Следующая глава будет посвящена знакомству с контрольно-измерительной аппаратурой для биореакторов. Отсутствие данных о явлениях переноса основных компонентов системы и химических процессах в реакторе ограничивают число методов контроля для установления оптимального режима работы реактора. Хотя в следующей главе основное внимание будет уделено контролю и регулированию процессов в емкостных реакторах, большая часть рассматриваемых контрольно-измерительных приборов может с тем же успехом применяться и для аппаратов с восходящим или нисходящим потоком. Закончив изучение контрольно-измерительной аппаратуры, мы перейдем к рассмотрению основных процессов разделения, позволяющих превратить выходящий из биореактора поток смеси веществ в достаточно чистый целевой продукт.

Вопросы

1. Охарактеризуйте особенности идеального трубчатого реактора полного вытеснения (ТРПВ).

2. Охарактеризуйте факторы определяющие время выравнивания концентраций в реакторах с перемешиванием.

3. Опишите закономерности проектирования и проведения расчета биологических реакторов.

4. Опишите кинетику процесса утилизации субстрата, образования продуктов метаболизма и биомассы в культурах клеток.

5. Охарактеризуйте взаимосвязь между перемешиванием и биологическими превращениями.

6. Дайте характеристику методам стерилизации при проектировании и расчете биологических реакторов.

7. Охарактеризуйте методы периодической стерилизации при проектировании и расчете биологических реакторов.

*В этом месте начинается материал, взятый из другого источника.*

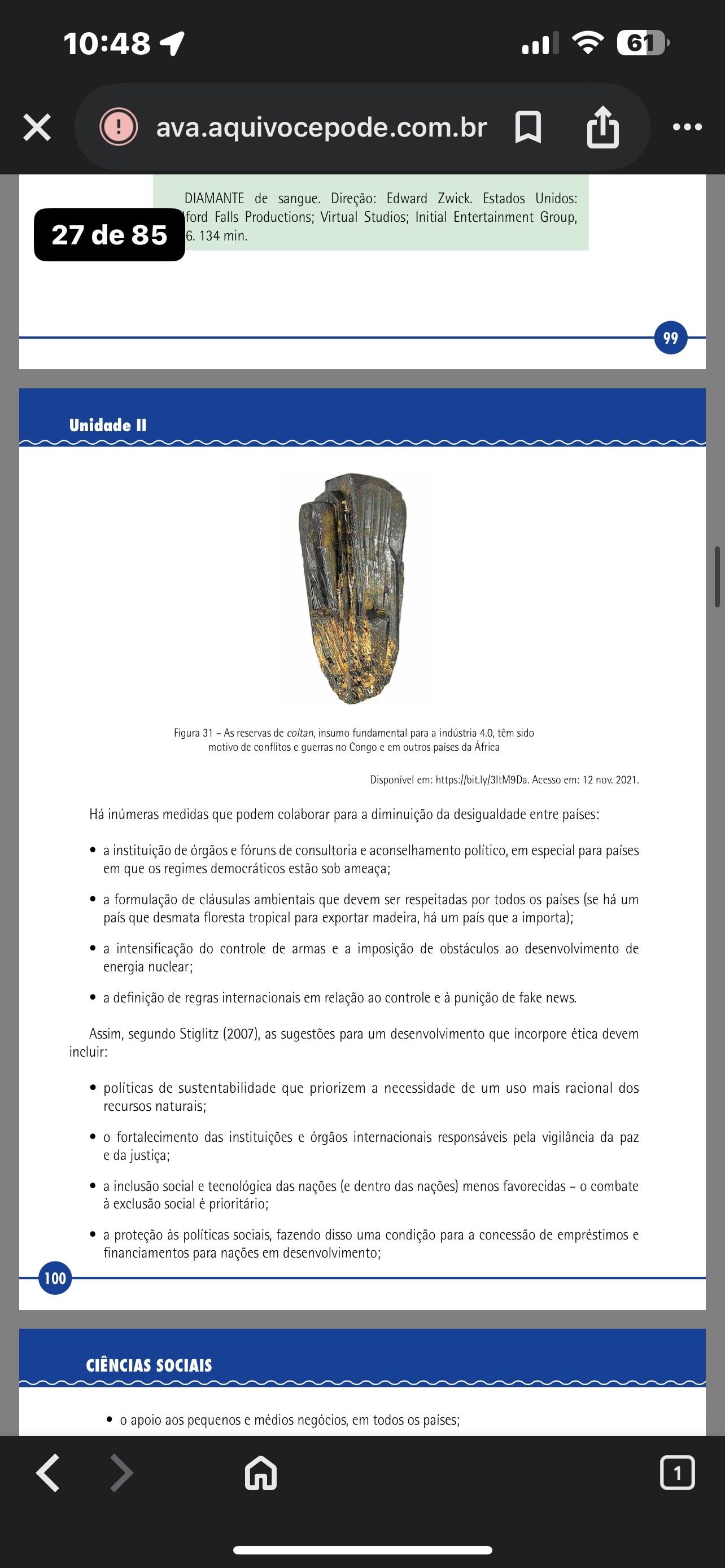 10:48 61 X ! DIAMANTE de sangue. Direção: Edward Zwick. Estados Unidos: ford Falls Productions; Virtual Studios; Initial Entertainment Group, 27 de 85 6. 134 min. 99 Unidade II Figura 31 As reservas de coltan, insumo fundamental para a indústria 4.0, têm sido motivo de conflitos e guerras no Congo e em outros países da África Disponível em: https://bit.ly/3ltM9Da. Acesso em: 12 nov. 2021. Há inúmeras medidas que podem colaborar para a diminuição da desigualdade entre países: a instituição de órgãos e fóruns de consultoria e aconselhamento político, em especial para países em que os regimes democráticos estão sob ameaça; a formulação de cláusulas ambientais que devem ser respeitadas por todos os países (se há um país que desmata floresta tropical para exportar madeira, há um país que a importa); a intensificação do controle de armas e a imposição de obstáculos ao desenvolvimento de energia nuclear; a definição de regras internacionais em relação ao controle e à punição de fake news. Assim, segundo Stiglitz (2007), as sugestões para um desenvolvimento que incorpore ética devem incluir: políticas de sustentabilidade que priorizem a necessidade de um uso mais racional dos recursos naturais; 0 fortalecimento das instituições e órgãos internacionais responsáveis pela vigilância da paz e da justiça; a inclusão social e tecnológica das nações (e dentro das nações) menos favorecidas 0 combate à exclusão social é prioritário; . a proteção às políticas sociais, fazendo disso uma condição para a concessão de empréstimos e financiamentos para nações em desenvolvimento; 100 CIÊNCIAS SOCIAIS 0 apoio aos pequenos e médios negócios, em todos países; 1

8. Охарактеризуйте методы непрерывной стерилизации при проектировании и расчете биологических реакторов.

9. Дайте краткую характеристику иммобилизованным биокатализаторам.

10. Перечислите типы биокатализаторов на основе иммобилизованных клеток и их свойства.

11. Особенности реакторов периодического действия с добавлением субстрата.

Контрольно-измерительная аппаратура и управление процессами биохимической технологии

В предыдущих главах мы уже неоднократно имели возможность убедиться в том, что активность и полезное время жизни ферментного катализатора или популяции клеток непосредственно зависят от их окружения. Следовательно, для проектирования, оптимизации и наиболее эффективной эксплуатации биореакторов необходимо сначала изучить влияние окружения на свойства катализатора, а затем контролировать и регулировать параметры окружения. Эту цель в свою очередь можно достичь путем определения параметров среды, анализа полученных данных и соответствующего управления параметрами. В настоящей главе мы опишем имеющуюся в настоящее время контрольно-измерительную аппаратуру для биореакторов и ее работу, а затем после беглого рассмотрения быстро развивающихся методов регистрации и расчета данных ознакомимся с некоторыми способами их анализа и управления параметрами процесса. Хотя в этой главе основное внимание уделяется контрольно-измерительной аппаратуре и регулированию процессов, протекающих в биореакторах, рассматриваемые в ней общие принципы приложимы и к другим процессам, в том числе к операциям получения исходных веществ.